Dans la troisième section, nous avons étudié, en premier lieu, quelques approches de langage dans le discours de fiction. Dans des travaux antérieurs, que nous avons appelés les théories du langage de la fiction, on suppose l’existence d’un langage ou d’une structure spécifique de la fiction ou des textes littéraires. En tenant compte de la réalité très complexe de la communication établie entre l’auteur et le lecteur de la fiction, la thèse selon laquelle il existe un langage de la fiction et celle selon laquelle il y a une corrélation entre les effets littéraires et les organisations linguistiques de textes ne nous semblent pas judicieuses. En seconde lieu, la théorie de Searle de la fiction dans le cadre de la théorie des actes de langage a été examinée. L’hypothèse de Searle consiste à dire qu’il y a un acte illocutionnaire spécifique de la fiction. Il s’agit non de l’acte illocutionnaire de raconter une histoire, mais de l’acte illocutionnaire non

sérieux de feindre. D’après Searle, les actes de langage sérieux sont également

transmis à travers des textes de fiction. En d’autres termes, l’auteur d’une fiction a l’intention de communiquer un ou des message(s). Malgré l’intérêt de cette thèse, elle soulève, à notre sens, certains problèmes importants concernant entre autres la question de savoir si le destinataire ou le lecteur doit disposer d’un autre mécanisme, distinct de celui du discours non-fictionnel, pour le discours de fiction. En troisième lieu, nous avons recouru à la Théorie de la pertinence qui nous fournit une solution pragmatique cognitive au problème de l’interprétation d’énoncés de fiction. Dans la Théorie de la pertinence, les énoncés de fiction peuvent être considérés comme constituant une sous-catégorie des énoncés ordinaires. Bien qu’il y ait des différences relativement aux circonstances de l’interprétation, les énoncés de fiction, comme tous les autres types d’énoncés, sont donc pertinents à cause des effets contextuels qu’ils produisent. En fin de cette section, nous avons défini le statut de chacun des êtres théoriques qui peuvent intervenir dans l’interprétation des énoncés de fiction, autrement dit l’auteur, le narrateur et des personnages.

Dans la quatrième section, nous avons d’abord présenté une définition de l’effet de subjectivisation.

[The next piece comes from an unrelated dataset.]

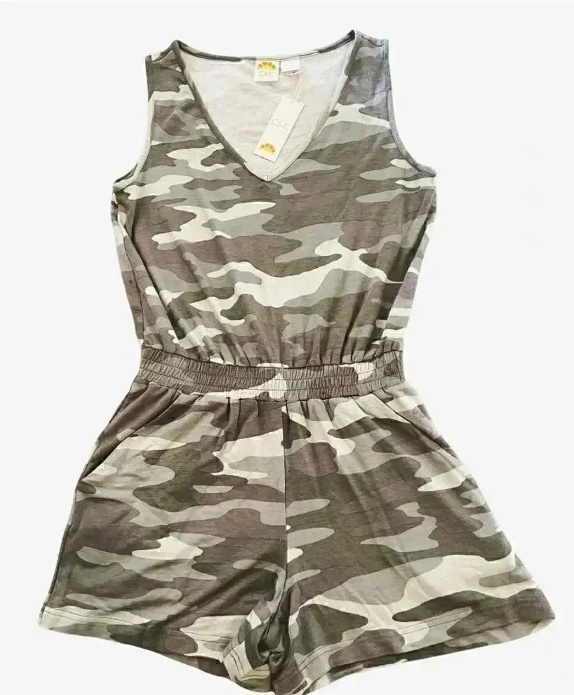 NWT C& C Green Camo Womens Smocked Romper Size: S Measurements: armpit-to-armoit 19 inches, length... Show more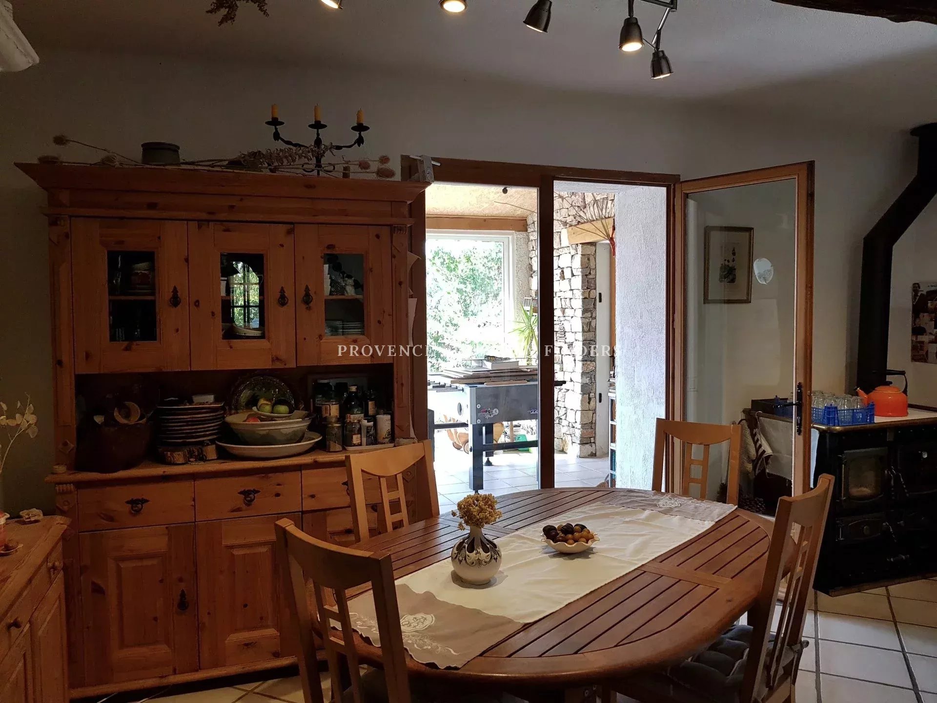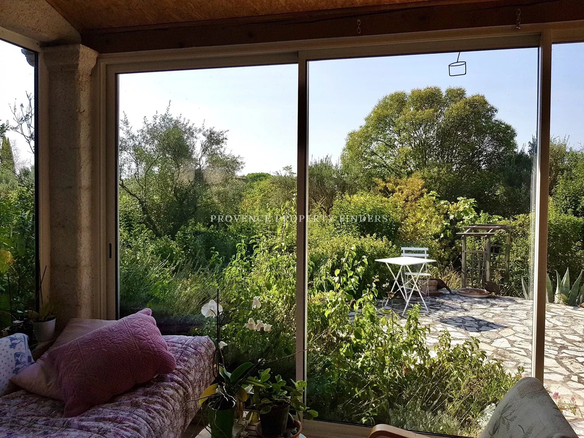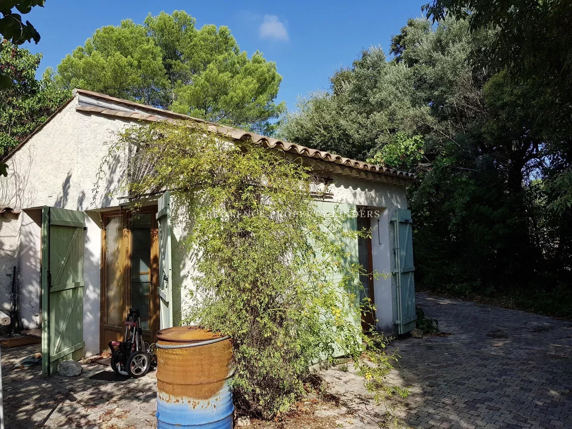 Maison au coeur d'un magnifique terrain plat de plus de 5000M2 complanté d'oliviers. Entrée, cuisine, salle à manger, salon, trois chambres, dont une à l'étage, bureau et deux salles d'eau. Partie indépendante actuellement aménagée en deux chambres avec sde et wc. Environnement magique, en impasse, plein sud et au calme

Ensuite, notre discussion a porté sur le mécanisme de production de cet effet et aussi sur l’intention de l’auteur dans le cas de la fiction. Puis, trois travaux antérieurs qui introduisent des notions relatives au point de vue narratif, plus précisément la notion de la perspective de l’empathie proposée par Kuno, celle de

sujet de conscience proposée par Banfield et celle de focalisation proposée par Genette

ont été examinés.

Enfin, dans la dernière section, nous avons analysé les déclencheurs de l’effet de subjectivisation en tenant compte du changement de degré de cet effet dans différents cas. Ce faisant, nous avons insisté sur le fait que des éléments pragmatiques contextuels interviennent toujours dans la détermination de l’effet de subjectivisation, même si ce sont très souvent des facteurs linguistiques qui déclenchent la production de cet effet. Nous avons réparti les déclencheurs de l’effet contextuels en trois catégories. La première catégorie contient des éléments linguistiques dont le contenu sémantique implique nécessairement un sujet de conscience. Quant à la deuxième catégorie, il s’agit des cas où un effet de subjectivisation est déclenché dans un énoncé par un élément linguistique se trouvant dans le contexte antérieur. La troisième catégorie correspond aux cas où la production d’effets de subjectivisation dépend d’éléments pragmatiques, en d’autres termes, contextuels.

C’est sur les bases théoriques que nous avons exposées dans cette première partie que notre étude sur les temps verbaux et les adverbes temporels sera fondée dans les deuxième et troisième parties de cette thèse.